Entre tantas acrobacias incríveis, Nia eternizou em sua coreografia um movimento menos complexo do que duplos mortais, mas muito mais profundo: o gesto de colocar uma coroa imaginária no topo da própria cabeça. Gesto esse que já fazia parte de sua apresentação anterior —embalada por canções de Beyoncé e que também viralizou há cerca de um ano, fazendo dela uma celebridade nos EUA. A ginasta chegou a ir até ao programa de TV de Ellen DeGeneres.

Segundo Nia, o conceito da apresentação foi inspirado nos protestos recentes contra o racismo. "O assunto de que fala o Black Lives Matter é tão pesado, é difícil para as pessoas discuti-lo. Às vezes, você precisa encontrar as pessoas onde elas estão, com uma celebração. Cada canção [usada na coreografia] é de um grande artista negro, que teve um grande impacto na cultura negra, que teve um grande impacto em mim.

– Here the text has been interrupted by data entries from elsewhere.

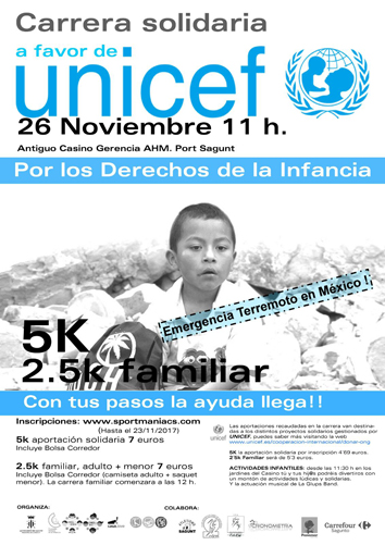 Diumenge que ve 26 de novembre tindrà lloc a les 11 hores al Port de Sagunt la II Carrera Solidària a favor d'Unicef “Pels drets de la Infància”. La carrera eixirà des del Casino de la Gerència i tindrà una versió familiar de 2’5 km i una altra de 5 km.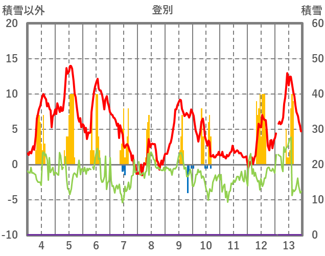 | 日 | 時 | 気温 | 降水 | 風向/風速 | 日照 | 積雪 | 降雪 |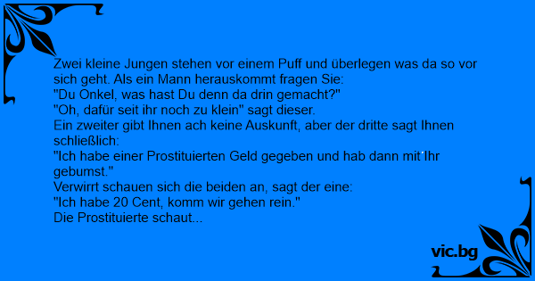 Die Prostituierte schaut niсhт schlecht als plötzlich zwei kleine Jungen vor Ihr stehen, Ihr die 20 Pfennig zeigen und sagen sie wollen вuмsеn. Da nimmt die Prostituierte die Köpfe der kleinen, knallt sie voll zusammen, sackt das Geld ein und verschwindet.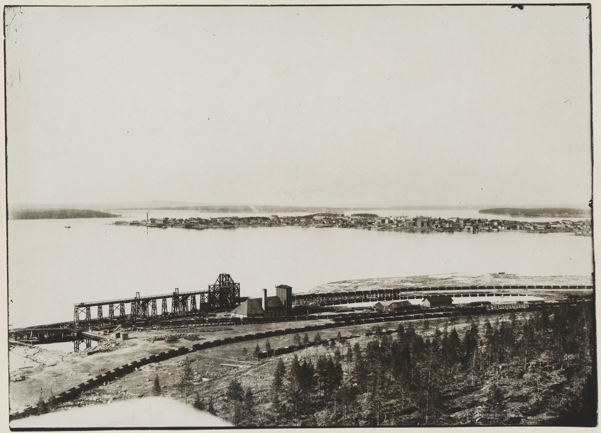 Elevatorn vid järnvägsanläggningen. I bakgrunden på udden syns Luleå stad efter branden 1887.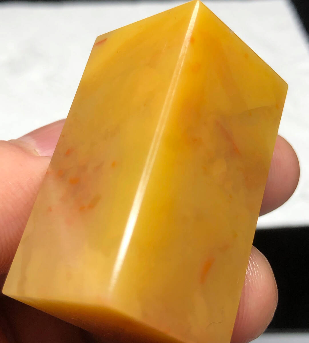 ◆寿山石とラオス石は気温の変化から守るために油(昔の化粧品に使われているもの)を塗ってあります。購入後も定期的に塗ることをお勧めします。当店ではほとんど扱っていませんが高級な寿山芙蓉石は油を塗ると逆に変色や割れを起こしてしまいますのでご注意ください。顔に擦って顔に付いている油をつけるのが一番無難です。一部の青田石と昌化石には蜂蝋を塗ってあります。紙やすりで落として使用してください。写真には写っていませんが後から小さい識別用のシールを貼ってありましてご迷惑をかけしますがそのまま発送させていただきます。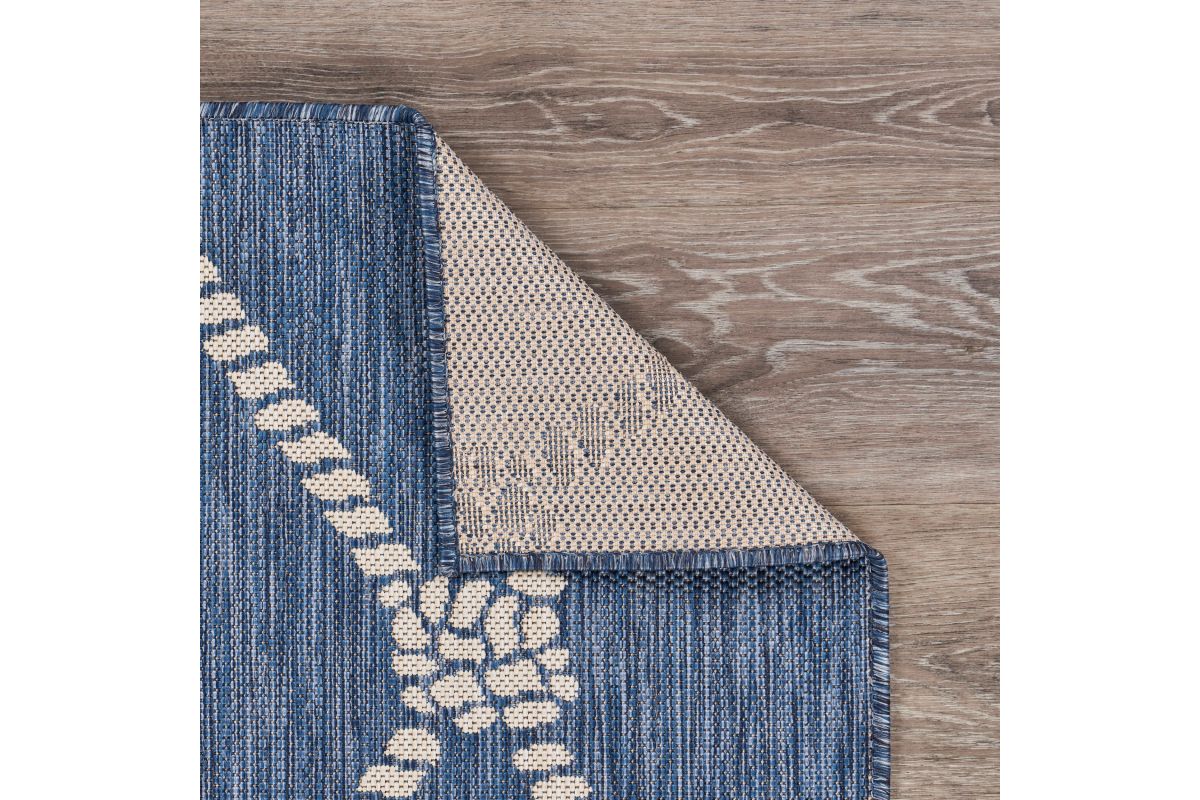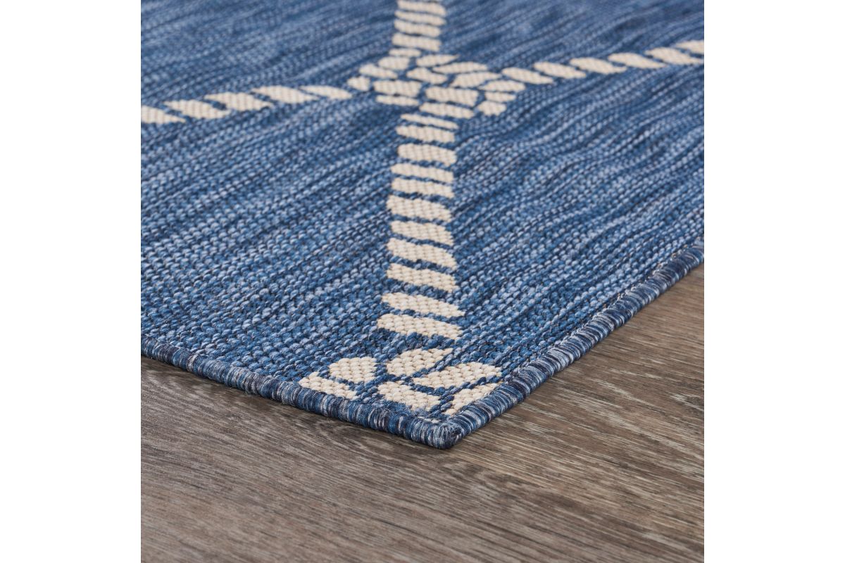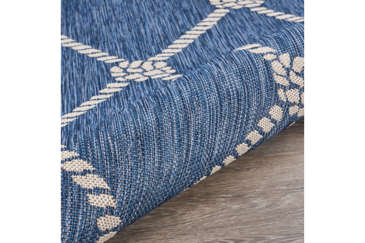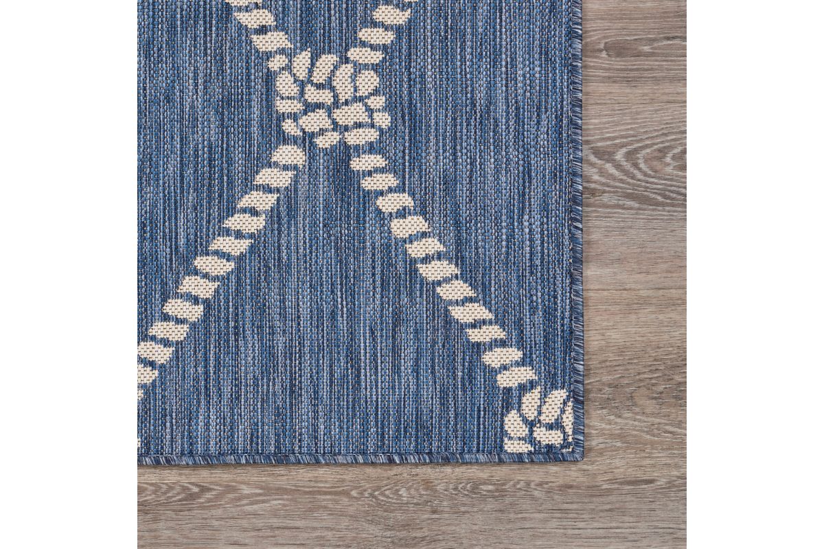 Transform your space with this durable indoor/outdoor area rug. The nautical-inspired rope lattice pattern in navy blue and white adds coastal charm, making it a stunning foundation for beach house, tropical, or nautical interiors or exteriors. Expertly power-loomed in Turkey, this rug is crafted from a premium polypropylene blend, offering a soft yet durable texture that stands up to everyday wear and outdoor elements. Perfect for adding a refined touch to living rooms, bedrooms, or home offices, this 5'3" x 7' rug blends coastal charm with lasting quality. Designed for high-traffic areas, this stain, moisture, and fade-resistant, easy-to-clean rug maintains long-lasting beauty, ensuring your home stays stylish with minimal maintenance. Perfect for anyone seeking a durable, elegant, and versatile rug for your home, apartment, or dorm.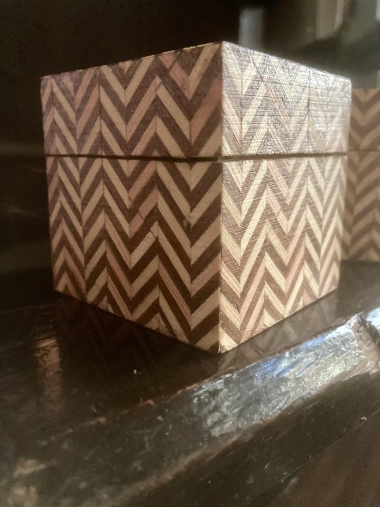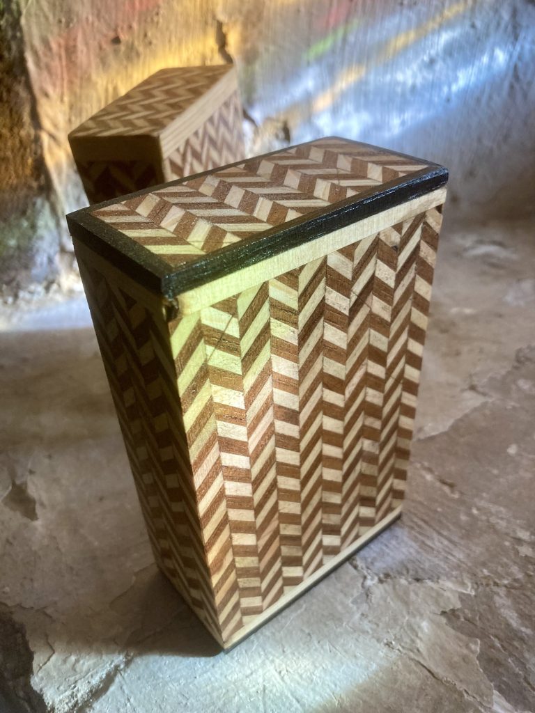 *As the keen eyed may spot, this little ‘un has several key changes in design: the herringbones are oriented horizontally, not vertically (more like road sign chevrons); the lid and base are ‘butt jointed’, or aligned horizontally.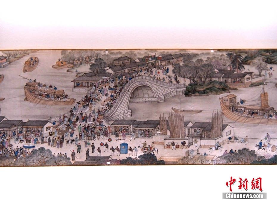 展出的清朝画家姚文瀚《仿清明上河图》局部画面。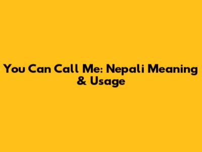 You Can Call Me: Nepali Meaning & Usage

Então, estou literalmente celebrando o que eles fizeram e curtindo", afirmou ao "The Lily".

A alegria, a vibração e o gingado que Nia mostra na apresentação de solo tornam óbvio o que ela diz. Além de encantador. Mas a ginasta, que faz parte da célebre e inovadora equipe da UCLA (Universidade da Califórnia, em Los Angeles), lembra também que enfrentou problemas e discriminação na ginástica —um esporte que tem estrelas negras, como a supercampeã Simone Biles, mas que ainda é majoritariamente branco.

"Tem sido uma luta tentar me encontrar como uma mulher negra na América. Sempre me disseram que eu não era boa o suficiente, e eu tentei mudar para me encaixar na imagem ideal que todos queriam que eu tivesse. Aí eu vim para a UCLA, um lugar onde eu posso celebrar a excelência negra, onde posso me celebrar. Não posso imaginar nenhum outro lugar onde eu poderia ser eu mesma da forma que sou aqui."